A boy—no older than twelve—was at the top of the stairs, a skateboard tucked awkwardly under his arm. One of his sneakers slipped on the slick concrete, and in the same instant, the board shot out of his grip, clattering down the steps in a hollow rattle. The boy pitched forward, his arms flailing for balance.

The crowd gasped, voices rising in a wave. People reached, but the movement was sluggish, their hands too far away to catch him in time.

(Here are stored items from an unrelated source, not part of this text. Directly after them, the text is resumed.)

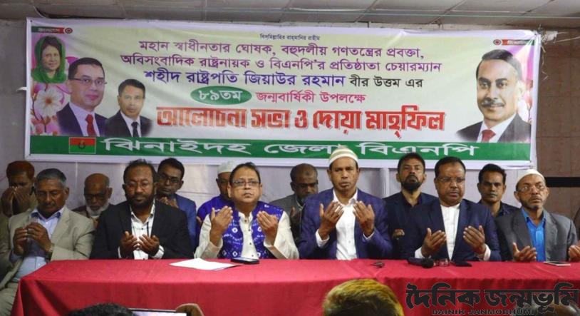 জন্মভূমি ডেস্ক : ঝিনাইদহে শহীদ রাষ্ট্রপতি ও বিএনপির প্রতিষ্ঠাতা জিয়াউর রহমানের ৮৯তম জন্মদিন পালিত হয়েছে। এ উপলক্ষে রোববার (১৯ জানুয়ারি) সকালে শহরের একটি বেসরকারি কমিউনিটি সেন্টারে জেলা বিএনপি দোয়া ও আলোচনা সভার আয়োজন করে। জেলা বিএনপির সহ-সভাপতি অ্যাড কামাল আজাদ পান্নুর সভাপতিত্বে অনুষ্ঠানে প্রধান অতিথি হিসাবে বক্তব্য দেন জেলা বিএনপির সভাপতি অ্যাড. আব্দুল মজিদ। আরও উপস্থিত ছিলেন, সাধারণ সম্পাদক জাহিদুজ্জামান মনা, সাংগঠনিক সম্পাদক সাজেদুর রহমান পাপ্পুসহ জেলা ও উপজেলা থেকে আগত বিএনপি, ছাত্রদল, যুবদল, মহিলাদল, কৃষক দলের বিভিন্ন পর্যায়ের নেতারা। এসময় বক্তারা বলেন, শহীদ রাষ্ট্রপতি বাংলাদেশকে নতুন ও সম্ভাবনাময় দেশ গড়ে তুলে বিশ্বের বুকে মাথা উঁচু করে দাঁড়ানোর স্বপ্ন দেখান। স্বৈরাচার শেখ হাসিনার প্রেতাত্মারা এখনও দেশকে অস্থিতিশীল করতে বিভিন্ন ষড়যন্ত্র করে যাচ্ছে। আওয়ামী লীগের দুঃশাসন থেকে দেশ মুক্তি পেয়েছে। কিন্তু মানুষের ভোটের অধিকার এখনও প্রতিষ্ঠিত হয়নি।
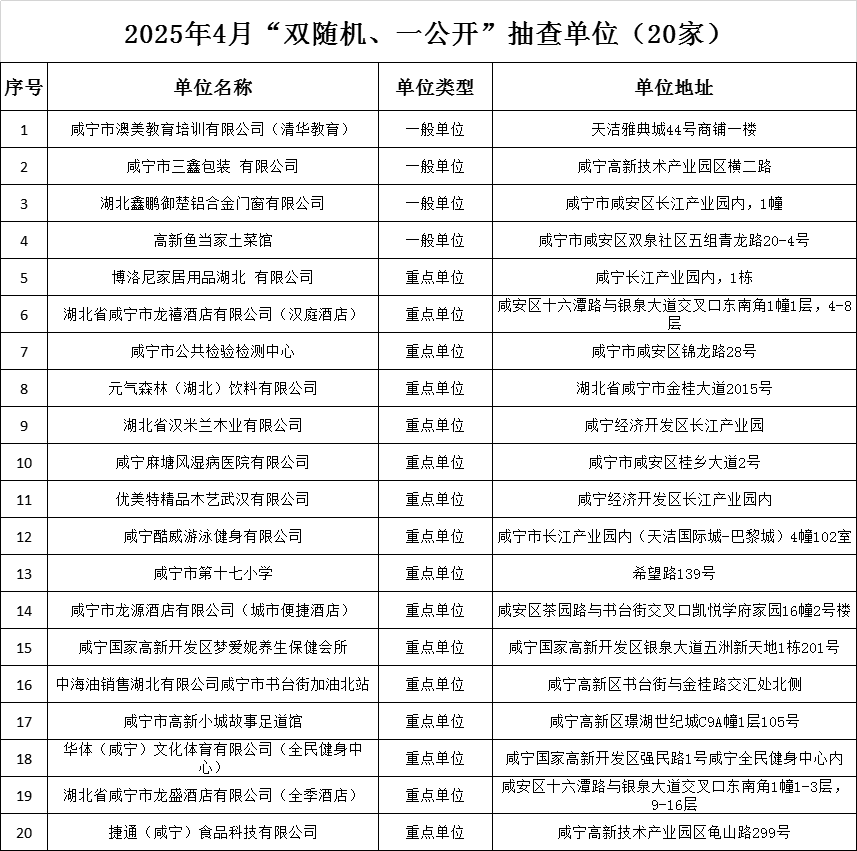 根据“双随机、一公开”消防监管工作要求,咸宁高新技术产业开发区消防救援大队现将“双随机、一公开”2025年4月份抽查名单,2025年3月份检查结果公示如下:
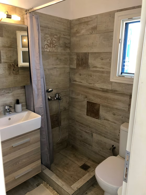 Die beiden neugebauten 2-Schlafzimmer-Maisonetten „Elizas Villa – Haus“ und „Mikes Villa – Haus“ sind ideal für Familien, die maximal empfohlene Belegung ist mit 4 Personen erreicht. Im Erdgeschoss befinden sich das Wohnzimmer mit dem Essbereich, die vollausgestattete Küche, ein kleines Bad mit Waschmaschine und WC sowie ein Eingangsbereich mit Kleiderschränken. Im Obergeschoss warten dann die beiden Schlafzimmer – eines mit Doppelbett, eines mit zwei Einzelbetten, das zentrale Bad – und die Terrasse auf Sie. Die Terrasse ist riesengroß und mit einem großen Tisch und Stühlen ausgestattet. Sie können von hier aus über den eigenen Garten und das Meer hinweg auf den östlichen Teil der Nachbarinsel Naxos schauen.

Baeksan didn't think. The old man's words were already there, echoing like a command in his ear: Three points of contact. Never less.

He dropped low without hesitation, his fingers tightening around the railing, his left foot braced sideways against the step to keep himself steady. His free arm shot forward just as the boy's weight tipped past the point of no return, and the collar of the boy's hoodie smacked into his palm.

The sudden pull nearly dragged him off balance, the boy's momentum jerking against his arm with surprising force, but his stance held. The railing kept him rooted.

Two steps further and the child would have met the stairs headfirst, his skull cracking on wet concrete. Instead, the boy landed awkwardly against him, alive, breathless, eyes wide with shock.

"You okay?" Baeksan asked, his own breathing heavy in his throat.

The boy nodded quickly, mumbling thanks before scrambling down to chase his runaway skateboard. The crowd began to move again, shaking their heads, muttering about carelessness, already slipping back into the flow of routine.

Baeksan, however, stayed crouched for a moment longer, his knuckles white against the rail, the echo of that near fall still rattling through his bones.

Three points of contact.

It was no longer just a strange bit of advice from a mysterious old man on a train. It was real, solid, a knife's edge between safety and disaster.

As he stepped finally onto the platform, his phone buzzed in his pocket. He pulled it free, thumb hovering over the screen.

Unknown number.

One new message:

Tomorrow. Same train. Bring something sharp.